------ Records provided ------
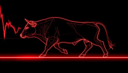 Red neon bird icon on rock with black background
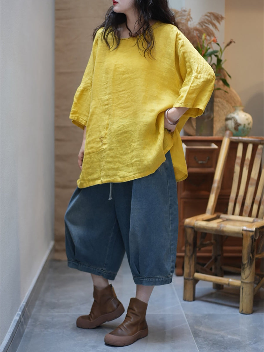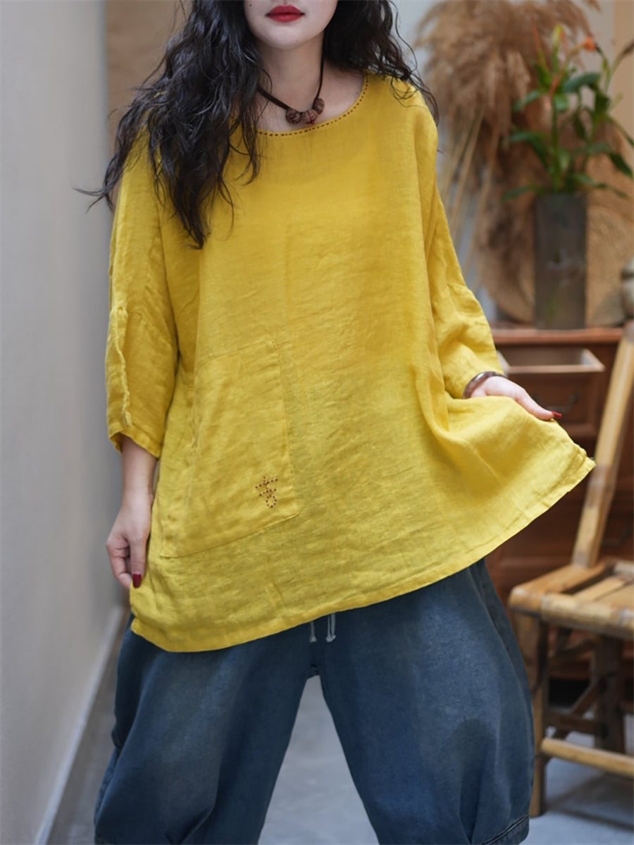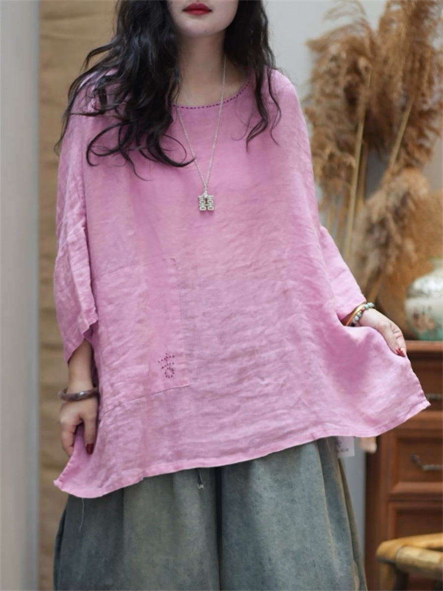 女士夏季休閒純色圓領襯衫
------
------ Records provided ------
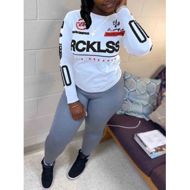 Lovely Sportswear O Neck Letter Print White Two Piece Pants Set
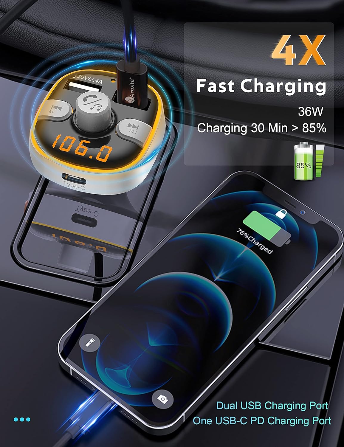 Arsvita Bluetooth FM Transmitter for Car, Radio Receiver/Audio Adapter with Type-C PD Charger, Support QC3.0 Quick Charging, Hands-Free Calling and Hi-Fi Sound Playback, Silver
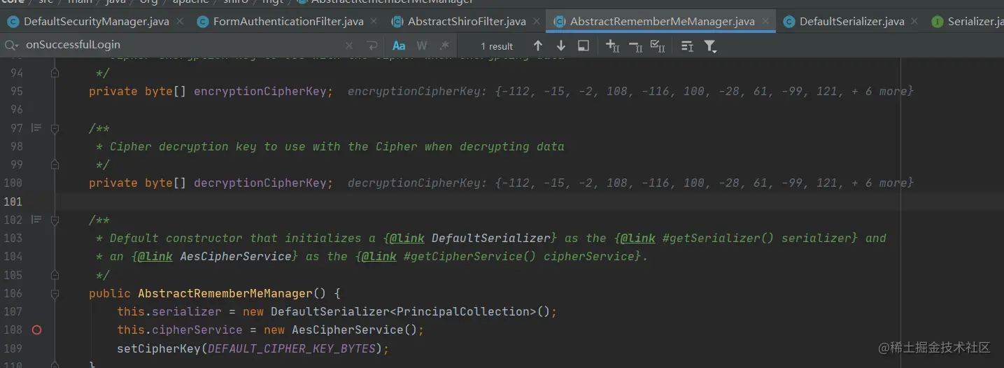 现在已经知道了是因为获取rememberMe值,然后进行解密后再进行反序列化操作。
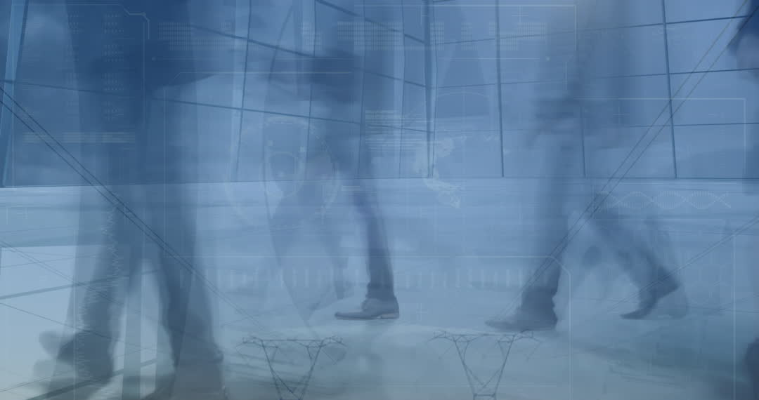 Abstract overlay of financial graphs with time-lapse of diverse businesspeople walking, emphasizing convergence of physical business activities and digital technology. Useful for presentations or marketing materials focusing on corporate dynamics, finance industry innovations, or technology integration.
------
**Task to complete**
Repeat, without pictures, exactly the lines of the data above from the one containing "Red neon bird" through the one containing "女士夏季休閒純色圓領襯衫", including both and adding nothing.

**Reply**
 Red neon bird icon on rock with black background
 女士夏季休閒純色圓領襯衫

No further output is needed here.